Exclusivity – or lock-out – agreements are sometimes entered into between parties in commercial property transactions, usually where the buyer wants to stop the seller from dealing with anyone else for a fixed period.
The buyer might want time, for example, to conclude its survey and detailed site investigations and arrange funding without fear of the seller selling the property to someone else in the meantime.
This can be an important consideration in England & Wales because, unlike in other jurisdictions, there is no obligation on the seller to sell to the buyer when it has accepted its offer unless and until formal written contracts have been exchanged, which won’t usually happen until the buyer has concluded its due diligence.
A lock-out agreement will buy a bit of breathing space.
There’s a difference, however, between lock-out agreements and lock-in agreements.
Lock-in agreements, where parties expressly agree to negotiate with each other, are unenforceable because they are "agreements to agree", and so lack certainty.
Lock-out agreements on the other hand can be binding contracts, although they are negative in nature in that they bind the seller not to negotiate with someone else, rather than compelling the seller to do a deal with a particular buyer.
To be enforceable, a lock-out agreement must be for a fixed period, or it will be void for uncertainty. So, for example, it won’t work if it says it’s to last for a “reasonable period”.
If contracts have not been exchanged by the end of the fixed period, then the seller is free to deal with someone else if it wants to.

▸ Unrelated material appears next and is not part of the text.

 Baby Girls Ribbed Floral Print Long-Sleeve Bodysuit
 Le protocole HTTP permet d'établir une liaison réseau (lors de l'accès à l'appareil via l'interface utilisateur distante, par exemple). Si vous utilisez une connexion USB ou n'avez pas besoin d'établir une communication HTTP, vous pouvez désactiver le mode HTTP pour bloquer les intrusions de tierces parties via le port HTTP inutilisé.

If you want a lock-out agreement, you will normally need to make it a condition of your offer. The lock-out agreement can then be drawn up quickly after your offer has been accepted “subject to contract”.

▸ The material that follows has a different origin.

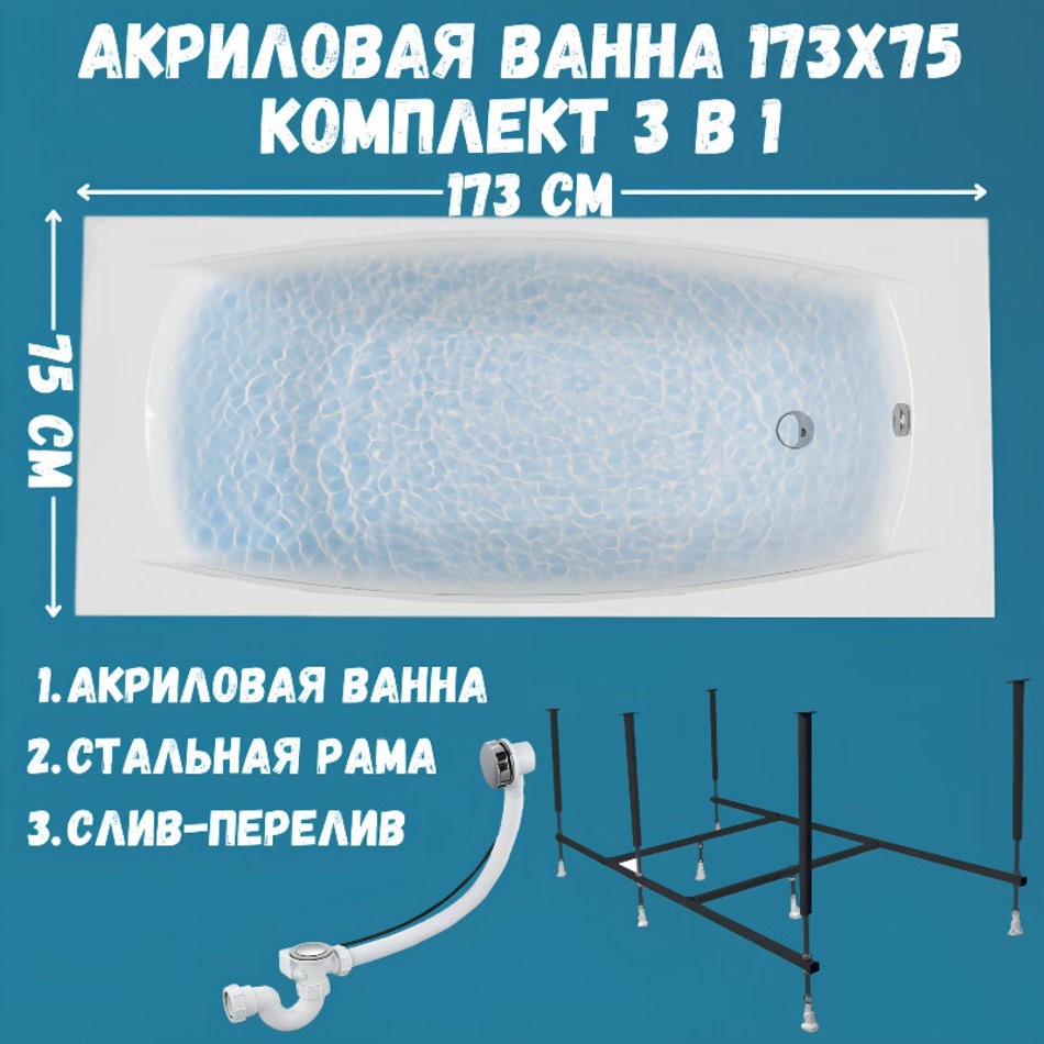 "Ванна акриловая 173х75 см 1MARKA PRAGMATIKA в наборе 3 в 1: Прямоугольная ванна, усиленный металлический каркас, слив-перелив хром 01пр17375кс2+- это гармоничное сочетание комфорта и расслабления в вашей ванной комнате.

Technically a lock-out agreement doesn’t have to be in writing, as it’s not a contract for the sale of land, but obviously it should be in writing in order to avoid disputes.

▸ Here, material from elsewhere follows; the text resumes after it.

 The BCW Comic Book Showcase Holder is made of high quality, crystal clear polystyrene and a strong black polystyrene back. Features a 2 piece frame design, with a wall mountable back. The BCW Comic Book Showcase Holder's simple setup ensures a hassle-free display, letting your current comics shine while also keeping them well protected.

How effective is a lock out agreement if the seller ignores it?
The short answer is, probably not as effective as the buyer would like it to be.
The buyer is very unlikely to get an injunction stopping the seller from selling the property to someone else during the exclusivity period.
The buyer’s remedies are more likely to be limited to recovering its wasted costs, such as legal and surveying fees – which at least is better than nothing, which is what the buyer is likely to get in this situation without a lock-out agreement.
It may mean, however, that if the seller gets a much better offer from someone else during the exclusivity period, it might decide to breach the lock-out agreement, proceed with the better offer and pay the limited damages arising out of the breach.
If you try and get round this by specifying punitive damages in the lock-out agreement, you run the risk they will be deemed an unenforceable “penalty”.
Are lock-out agreements still being used in such a difficult market?
Yes. One of the odd things about the current market is that it is fragmented. Some areas might still be competitive “micro markets” and there are still some cash-rich buyers competing for particular, maybe unusual, properties.
Alternatively, you might be a buyer surprised by having your very low offer accepted which you worry might be withdrawn if a better offer materialises before you have concluded the deal.
In these situations lock-out agreements can be useful, but beware their limitations.